Moi, Jacques, qui écris ce poème Pour rien au monde, j'échangerais ces compagnons Malgré leurs propos farfelus Malgré leurs extases devant les filles des calendriers Malgré leurs jugements à l'emporte- pièce Malgré leurs histoires de cul Malgré leurs flèches acérées Contre les politiciens Contre les fanatiques religieux Contre les crosseurs du système Contre les faux-dieux Contre les idéologues de tout acabit
Toi, le poète, laisse tomber ta colère, Pense à ces huit compagnons Qui, sur ce lac de rêve, Font le vide plein du quotidien Hument les fragrances de la nature Entendent le cri des huards S'attendrissent sur les rejetons des hirondelles S'affairent dans l'intendance domestique du camp Ronflent en chœur dans une diabolique et divine harmonie Se prêtent aux confidences d'un compagnon en détresse Montrent leurs corps nus aux regards indiscrets Prennent leurs pilules en se bidonnant Mordent tout simplement dans la vie Sans n'avoir plus rien à prouver à la galerie.
Vous qui lirez ce poème Sachez que ces huit compagnons heureux Admiratifs inconditionnels de la nature Se prêtent à des confidences Laissent tomber inopinément Par bribes leurs effluves amoureuses verbales Sous les regards ébahis de leurs interlocuteurs Sidérés par leurs prouesses verbales ou fictives. De loin, j'entrevois vos sourires amusés!
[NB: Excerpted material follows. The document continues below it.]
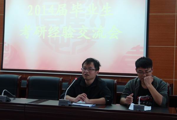 党总支副书记王磊随后向到会同学介绍了2010级学生的考研情况,今年是我院考研学生录取最多的一年,也是录取院校质量最高的一年。录取院校中有南京工业大学等多所211院校。他鼓励同学们应以学习为第一要务,把握学习机会,不断提升自己。随后10土木工程班薛善刚和10房产班孟媛美等5位考研成绩优异的同学代表发表了精彩的演讲,对在考研过程中获得的经验与教训与在座的同学们进行了分享。在互动环节中,各位学长耐心细致地回答了同学们对考研的种种疑问,使备考同学更加坚定了自己的目标。

Qu'ils sont vantards ces joyeux gaillards! Pour eux, les collines sont des montagnes Les patates brunes sont des pépites d'or Les « Toronto Wobbler » sont des étoiles filantes Leurs vers de terre sont de succulentes lentilles Leurs barques sont des Crossfire Roadster Les truites sont des Naïades.
Laissons rêver ces pêcheurs Laissons-les fraterniser Laissons-les vivre pleinement Dans ce décor de rêve La civilisation les rattrapera Bien assez vite.